— Problem —
Using the material that follows, output exactly the lines from the one containing "Figure 1: Overall" through the one containing "The Classification Explorer", with both ends kept.

— Records for the task —
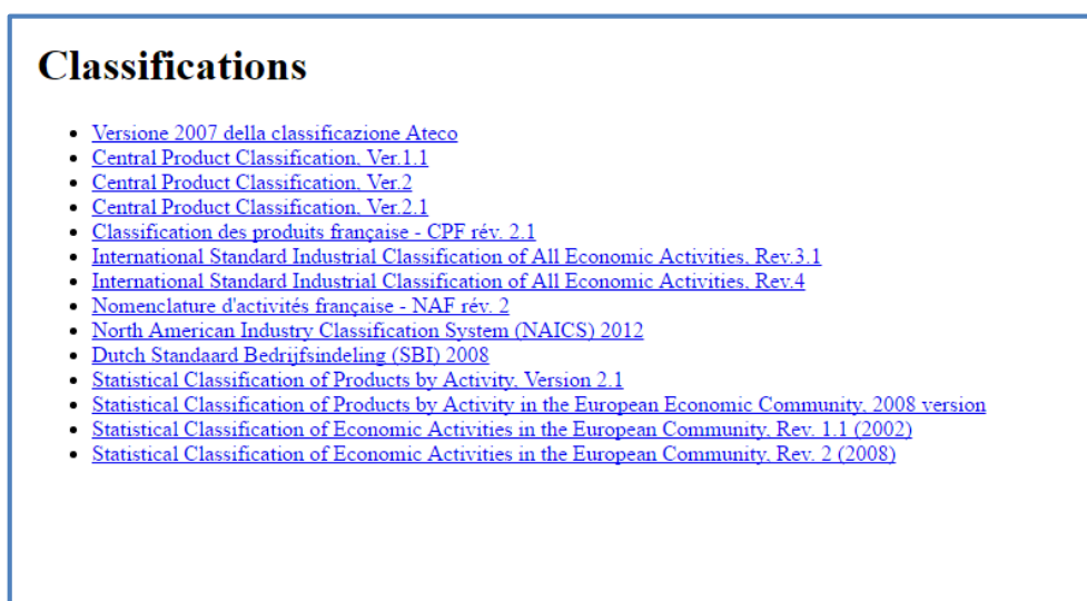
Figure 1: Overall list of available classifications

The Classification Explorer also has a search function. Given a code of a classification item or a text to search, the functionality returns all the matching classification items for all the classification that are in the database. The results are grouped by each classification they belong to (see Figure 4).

--

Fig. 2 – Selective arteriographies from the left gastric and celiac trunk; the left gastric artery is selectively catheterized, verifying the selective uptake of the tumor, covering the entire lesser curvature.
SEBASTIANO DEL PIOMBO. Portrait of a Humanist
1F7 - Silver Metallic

...

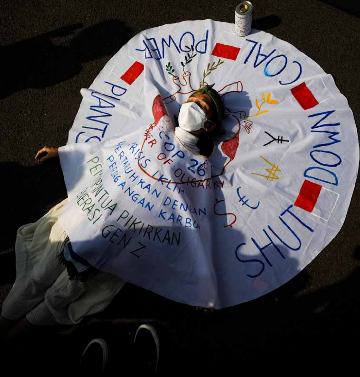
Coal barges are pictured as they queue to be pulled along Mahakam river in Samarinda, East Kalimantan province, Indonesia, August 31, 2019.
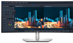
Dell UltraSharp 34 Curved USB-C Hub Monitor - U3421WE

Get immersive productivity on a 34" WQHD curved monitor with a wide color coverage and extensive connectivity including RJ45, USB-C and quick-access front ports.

— Response below —
Figure 1: Overall list of available classifications

The Classification Explorer also has a search function. Given a code of a classification item or a text to search, the functionality returns all the matching classification items for all the classification that are in the database. The results are grouped by each classification they belong to (see Figure 4).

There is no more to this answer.